On Saturday afternoon I found myself in the menswear department of Marks & Spencer having a joke with the sales assistant. I asked her to put the till receipt in the bag because the goods I had bought that she was carefully wrapping would be coming back on Monday morning.
“I don’t know why I’m buying them at all”, I told her. “It’s Father’s Day tomorrow and whatever I buy I know for sure my dad won’t like it. So it will all be coming back, there’s not the slightest doubt about it.”
I left after she said she would be sure to keep an eye out for him when the store opened on Monday morning.
I had spent about thirty minutes choosing a sweater for him – after I had first decided that Marks & Spencer would be the best bet for a Father’s Day gift for my fussy dad. If I went anywhere else, chances were he’d criticise my choice of store by saying it was too modern. I finally selected a bright blue cashmere V-neck. After wondering whether or not it was too bright, I decided to take the risk and on impulse also bought a pale blue check shirt to go underneath. They looked really nice together and I thought even my picky dad would like them.

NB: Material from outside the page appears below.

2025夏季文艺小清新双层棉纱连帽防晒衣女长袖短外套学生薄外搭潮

I also bought him a card. It read: “In children’s eyes dads start off ten feet tall”. And inside: “And in my eyes you’ve stayed that way”.

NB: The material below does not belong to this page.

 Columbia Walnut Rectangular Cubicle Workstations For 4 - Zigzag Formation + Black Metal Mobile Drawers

It was a simple card but I liked the words and bought it. Then driving home and reflecting on those words, I started to think about dads who would not be seeing their children on Father’s Day, particularly in the context of a second recent judgment by Mr Justice Mostyn.
What price the parent-child relationship?

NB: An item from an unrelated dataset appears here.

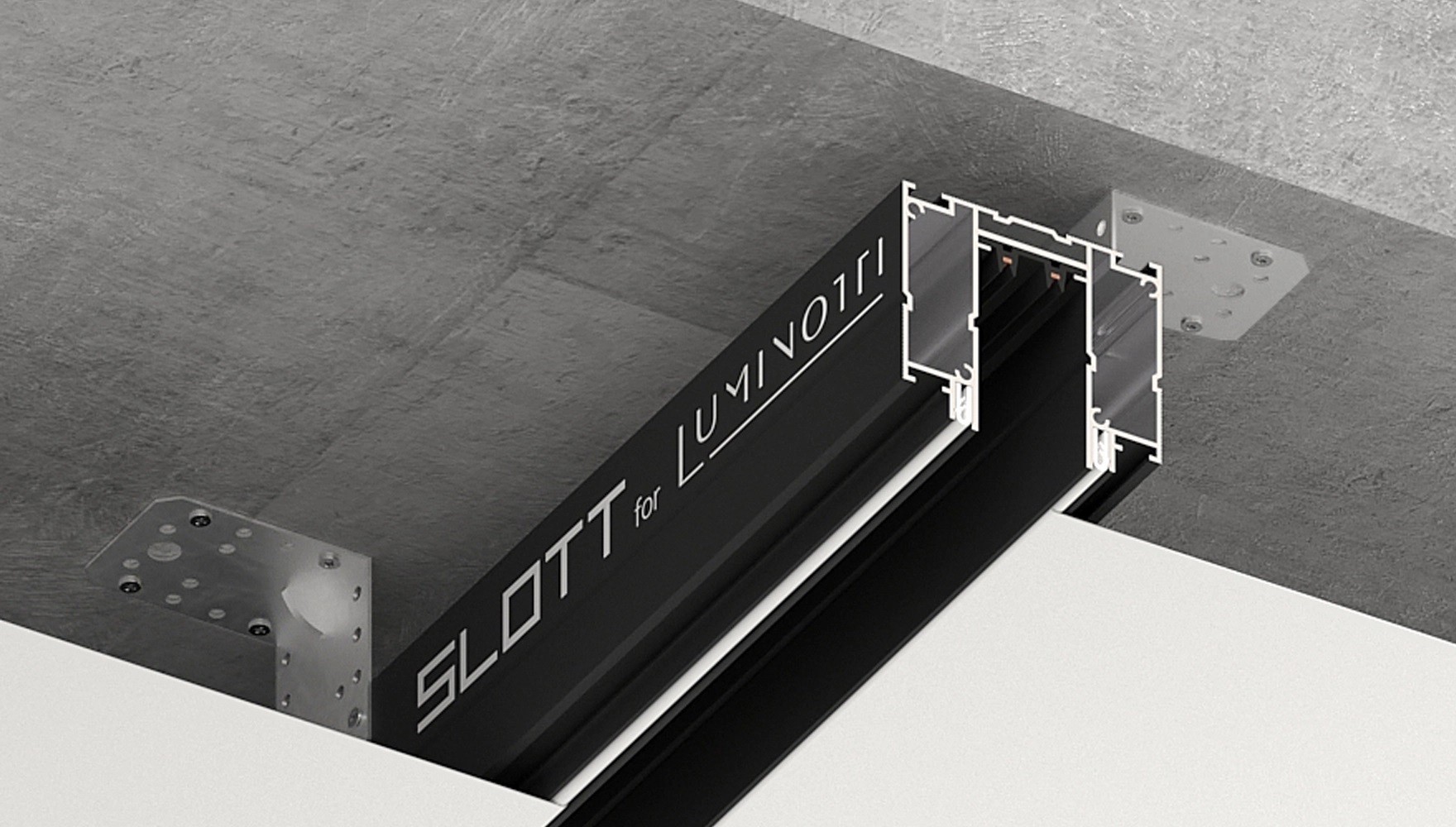 Трек-система SLOTT FOR LUMINOTTI — кобрендинговый продукт KRAAB SYSTEMS и LUMINOTTI. SLOTT FOR LUMINOTTI представляет собой единую цельную литую конструкцию, объединяющую профиль с демпферной системой крепления потолка и шинопровод.

In the case (AR (A Child: Relocation) [2010] EWHC 1346) Mr Justice Mostyn had to make a decision about whether or not a mother could remove her children from the jurisdiction of the Court, so that they could go and live in France.
As he acknowledged, this type of judgment is one of the most difficult that judges ever have to make. This is because it condemns the remaining parent, usually the father, to losing the relationship they had with their children for most of their childhood, if not most of their lives. Once a child makes a new life in a new country, retaining emotional and practical ties with a father in a different continent becomes nigh on impossible. That is unless the family is very wealthy and can afford to make regular transnational arrangements that really work, including regular travel, domestic and social arrangements, education and so on. Such arrangements can make it possible for the children to retain two (or in some very wealthy cases, even more) genuine homes in different countries.
In most cases however, departure from the jurisdiction prompts a real-life tragedy, with the father and his children severing their links with one another. What price can be put upon a child’s relationship with his or her parent? Isn’t preserving that relationship, at all costs, far more important than anything else?